Bill, I have owned the VK-500 with BAT PAK, the Cary 500MB, and currently the Cary SA-500.1 monoblocks, which are essentially two of the SA-200.2 stereo amps, with different input modules.
All of these have pretty good power supplies and the newer Cary amps improve the power supplies even further over the 500MB, since they doubled the heat sink area, included a 1,500kVA low noise transformer (my 500MB transformers displayed mechanical hum while my 500.1s are quiet), and improved capacitance and current, as stated by Cary,
dramatically improved performance and current-handling capacity over our previous models
I suspect there are further improvements of the SA-500.1 monos over the SA-200.2 stereo version (which I have not heard), that go beyond the substantial increase in power since the 500.1s would be a dual differential design with the two halves each driving one phase resulting in the substantial increase in power and better noise cancellation.
The other basic design difference between the newer Cary amps compared to the 500MBs are the use of a larger number of smaller capacitors located closer to the output devices, rather than the fewer large capacitors used in the 500MB. They have increased the overall capacitance.
A distinguishing design difference between the Cary amps and the BAT is that the BAT uses mosfet devices in both input and driver stages and the Cary amps use bipolar output devices. You can do searches as to the characteristics of these devices but some would say mosfets have a softer presentation and bipolars have better detail and slam - as a gross generalization.
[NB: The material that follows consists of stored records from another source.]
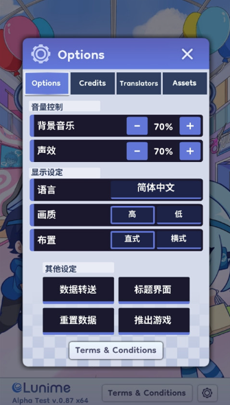 4、接下来的游戏界面就差不多都是中文字体啦,在这个设置界面,在这里你可与设置各种游戏相关的选项。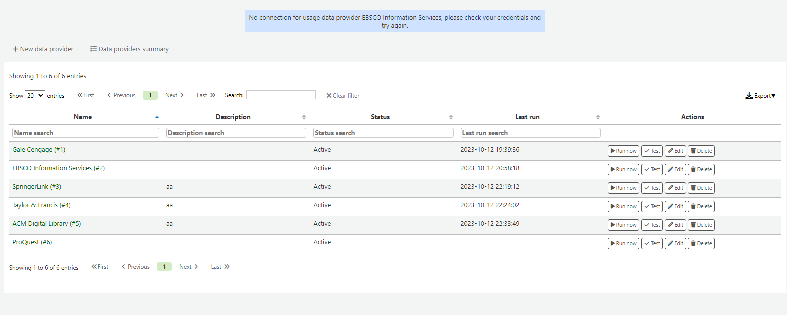 This feature adds the ability to create Data Providers and harvest usage data in COUNTER format. Data Providers (or Data Platforms) are the organisations who provide usage statistics for your electronic resources. This could be a vendor or a platform provider. The data provider record contains information about SUSHI credentials and any COUNTER data which has been harvested from the provider. There is also the ability to create custom reports using this COUNTER data.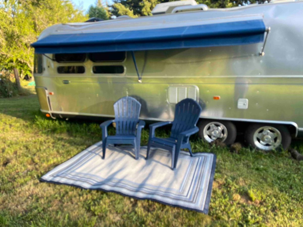 Welcome to your serene Airstream retreat designed to provide you with a peaceful and scenic escape at the gateway to the Columbia River Gorge. This location is perfect for exploring the Gorge waterfalls while being just 15 minutes from the city and PDX, and just minutes from McMenamin’s Edgefield. The airstream sits on the back half of our 3 acres in a park-like setting, surrounded by a field of Douglas Firs and fruit trees.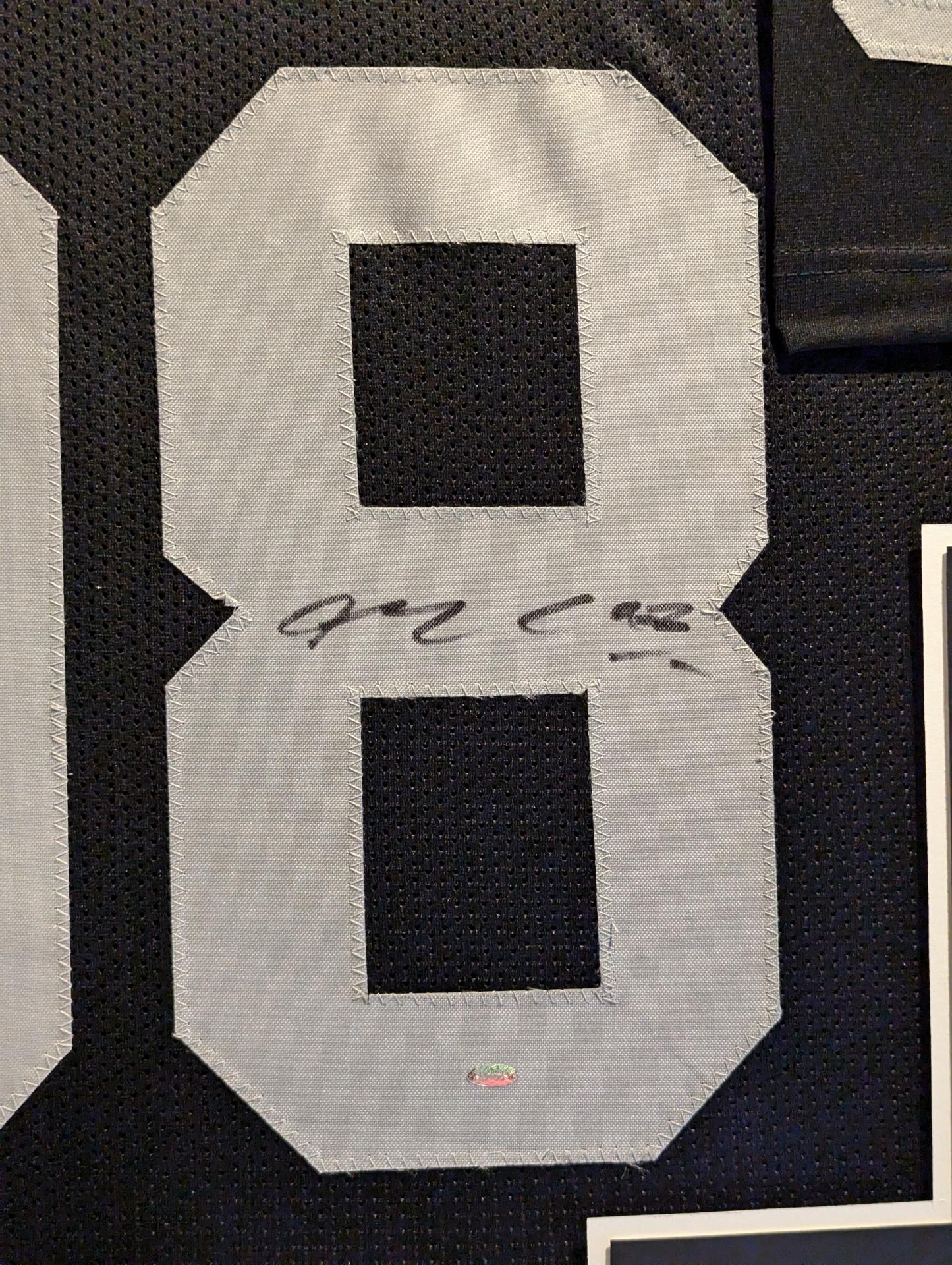 Custom frame measures approximately 34" x 42" in size and features a jersey that has been hand-signed by Maxx Crosby.

Regarding how the amps sound, in my system, the BAT did indeed have a sort of softer pleasingly warm midrange at the expense of some definition and HF extension. The bass was quite solid but a bit "woolly." The 500MBs had a sweet sounding HF, and a smooth, rich midrange that many like, but the bass suffered from a lack of control and was somewhat plump as a result. The 500.1s improve on the 500MBs dramatically in the bass, which is as good as I have heard, and also improve in the areas of clarity/resolution, soundstage, and dynamics, while having a much lower noise floor than I experienced with the 500MB.
In summary, they are all ok but I would tire of the BAT over time and would choose the 500MBs over the BAT, and certainly the 500.1s over the 500MBs, as they are pretty much better in every way.